CCIE Pursuit Blog

June 22, 2008

Cisco “Unofficially” Changes My Life

At the IE Mock Lab Workshop last week (I will get some blog entries up about this over the next few days) it was interesting how many CCIE candidates intended to get more than one CCIE.  For me, this has always been a ‘one and done’ pursuit.  The amount of time and toil that this has required has pretty much made this the toughest thing that I’ve ever done (educationally).  But now Josh at the Internetwork Expert blog drops this:

After speaking with multiple Cisco employees within the wireless group, the Wireless CCIE has been confirmed. Beta candidate registration should begin this fall, along with a blueprint release. Beginning early 2009 the Wireless CCIE beta testing will begin! As of now, topics of the test are expected to cover all aspects of wireless from design through implementation including the implications of security, routing and switching and voice technologies. Check back often for any additional information!

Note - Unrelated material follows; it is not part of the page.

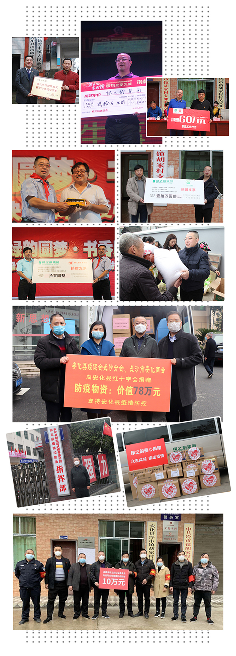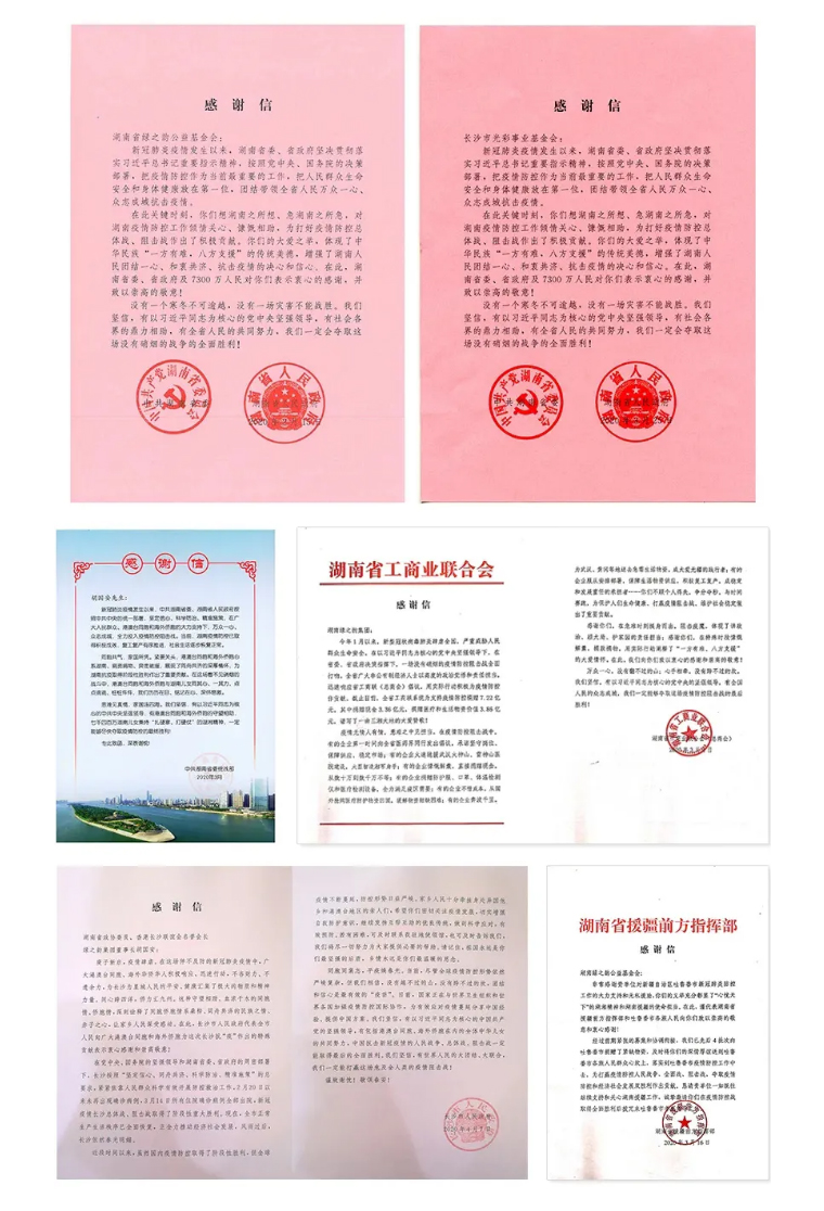 2020年初,抗擊新型冠狀病毒感染肺炎疫情攻堅(jiān)戰(zhàn)在全國(guó)打響。綠之韻公益基金會(huì)在胡國(guó)安委員的統(tǒng)一部署下,與企業(yè)黨委、工會(huì)、全國(guó)分公司、各下屬機(jī)構(gòu)上下聯(lián)動(dòng),通過多種方式積極援助湖北湖南抗擊疫情,累計(jì)捐贈(zèng)款物近200萬(wàn)元。綠之韻先后收到了湖南省委省政府、省委統(tǒng)戰(zhàn)部、致公黨湖南省委、省工商聯(lián)、省慈善總會(huì)、長(zhǎng)沙市委市政府、益陽(yáng)市委市政府、湘潭市委市政府發(fā)來(lái)的感謝信。近日,綠之韻被全國(guó)工商聯(lián)評(píng)為“抗擊新冠肺炎疫情先進(jìn)民營(yíng)企業(yè)”,湖南省綠之韻公益基金會(huì)被湖南省工商聯(lián)授予“抗擊新冠肺炎疫情先進(jìn)單位”光榮稱號(hào)。

I love wireless networking.  At my previous position, wireless networking (a few thousand “fat client” 1240s administered by a WLSE device) was about 50% of my job, but it was my favorite part.  I’ve always said that if there were an independent wireless certification track announced, that I would be all over it.  It looks like I will be attempting at least two CCIEs.  For now I have to pass my R&S lab, then I need to formulate a way to tell my wife that I want to get a second CCIE.  The former might turn out to be easier than the latter.  :-)

September 4, 2007

Off Topic: Cisco Announces New 802.11n Wireless Access Point

Filed under: Cisco,Wireless,Work — cciepursuit @ 5:03 pm

Sorry for the off topic posting, but since I’m a big wireless geek (if they ever develop a wireless CCIE track, I’m all over that sucker) I was very happy to see this announcement.  I have a running  bet with one of my collegues that by 2012 the majority of corporate end users will access the network wirelessly.  I’m not sure that I’ll win that bet, but this is good news. 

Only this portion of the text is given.